The value today of receiving $5,000 at the end of each six-month period for the next four years, assuming an annual interest rate of 4% compounded semi-annually, is $33,664.

Step-by-step explanation:

To calculate the value of a series of cash flows with compound interest, we use the formula:


V = P[(1 + r/n)^(nt) - 1] / (r/n)

In this case, P is the present value (which is zero since we are finding the future value), r is the annual interest rate (4%), n is the number of times interest is compounded per year (2), and t is the number of years (4).

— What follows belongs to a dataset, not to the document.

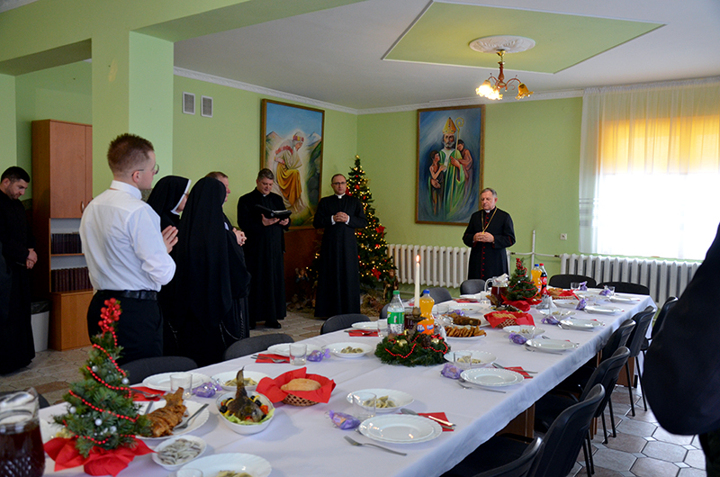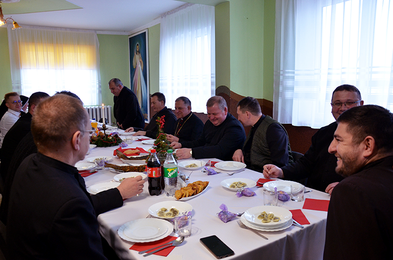 Po Mszy św. kapłani i siostry zakonne posługujące w dekanacie wysłuchali konferencji ks. Arcybiskupa dotyczącej rozpoczynającego się w krótce w Kościele Roku Jubileuszowego. Tę część spotkania zakończyły ogłoszenie i informacje, które przedstawił kanclerz Kurii, ks. Władysław Grymski. Ostatnią częścią tegorocznego spotkania opłatkowego był wspólny posiłek, który poprzedziło odczytanie fragmentu Ewangelii, modlitwa, dzielenie się opłatkiem oraz wzajemne życzenia.

First, we calculate the future value of each $5,000 payment:


FV = P*(1 + r/n)^(nt)

FV = 5,000*(1 + 0.02)^(2*4)

FV = $32,459 per payment

Next, we add up all the future values to get the total value:

V = FV1 + FV2 + FV3 + FV4

V = $32,459 * 4 = $129,836

However, we need to discount this amount back to today's value using the same formula:


V = P[(1 + r/n)^(nt) - 1] / (r/n)V = 0[(1 + 0.02/2)^(2*4) - 1] / (0.02/2)

V = $33,664.09 (rounded to two decimal places)

Therefore, the total value today of receiving $5,000 at the end of each six-month period for the next four years with an annual interest rate of 4% compounded semi-annually is $33,664.